# EEA Family Permit question



## remorseless (Apr 24, 2015)

hi there - I would like to get some advice on EEA Family Permit if possible.
My partner and I have been in the UK over a year and both are working regularly and would like to get my partner mum who's a non-EU passport holder a EEA Family Permit for her to be able to visit us in the UK. 
She's a widow and my partner supports her financially and emotionally, etc.
We are both EU passport holders.

What are the chances for her to get a EEA Family Permit? The application online seems pretty clumsy!

Thanks


----------



## Joppa (Sep 7, 2009)

In theory pretty easy, but potentially difficult!
Core family members like one's parents or children should be able to get EEA family permit, and in case of parents, they just need to be wholly or mainly financially dependent. But UKVI has rejected applications citing all sorts of reasons, like doubt over dependency. All you can do is to apply and see what happens (it costs nothing). Enclose birth certificate showing descent, sufficient evidence of dependency, such as record of financial transactions over 6 months minimum, her financial position (income, outgoings etc), and whether there are other family members in her country of residence who can help.
See https://www.gov.uk/government/publi...-who-are-an-eea-nationals-core-family-members


----------



## remorseless (Apr 24, 2015)

Thank you - we tried to apply last year but it was indeed rejected twice (one we forgot to attach a document, second time bluntly saying no)

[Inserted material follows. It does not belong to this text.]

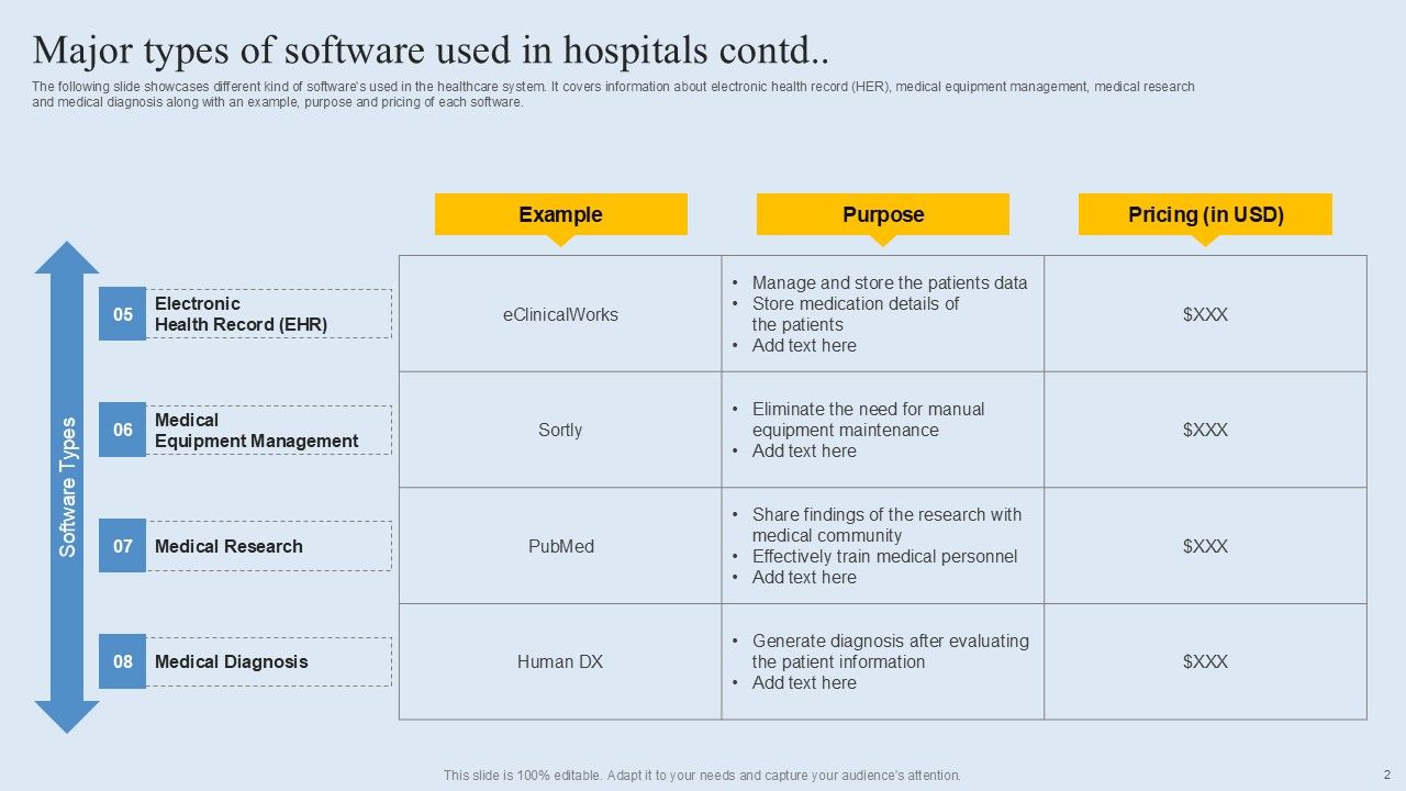 The following slide showcases various software used in day-to-day operations. E-prescribing, appointment scheduling, medical billing and hospital management are some of the major softwares which are mentioned in the slide. Presenting this PowerPoint presentation, titled Major Types Of Software Used In Hospitals Professional PDF, with topics curated by our researchers after extensive research. This editable presentation is available for immediate download and provides attractive features when used. Download now and captivate your audience. Presenting this Major Types Of Software Used In Hospitals Professional PDF. Our researchers have carefully researched and created these slides with all aspects taken into consideration. This is a completely customizable Major Types Of Software Used In Hospitals Professional PDF that is available for immediate downloading. Download now and make an impact on your audience. Highlight the attractive features available with our PPTs.

So there is no perfect recipe for applying beside keep trying? I know it's free, but seems like a waste of time! Is there any harm in applying several times?

it's frustrating cause she's a EU permanent resident so we can meet everywhere, just not in the UK!

Is it worth forgetting about the EEA FP and just applying for a tourist visa for her?


----------



## Joppa (Sep 7, 2009)

Does she have a permanent residence card from an EEA country (other than Switzerland), issued as family member of an EEA national exercising treaty rights there (called Article 20 Permanent Residence Card)?
Then she can enter UK without EEA family permit or UK visit visa, as your partner is already in UK. The rules changed from 6th April 2015 following last year's McCarthy Judgment.
Read carefully if she qualifies: https://www.gov.uk/government/publi...as-the-holder-of-an-article-10-residence-card


----------



## remorseless (Apr 24, 2015)

She has EU permanent resident card issued in Estonia cause she was born and lived there all her life. She has a Russian passport though.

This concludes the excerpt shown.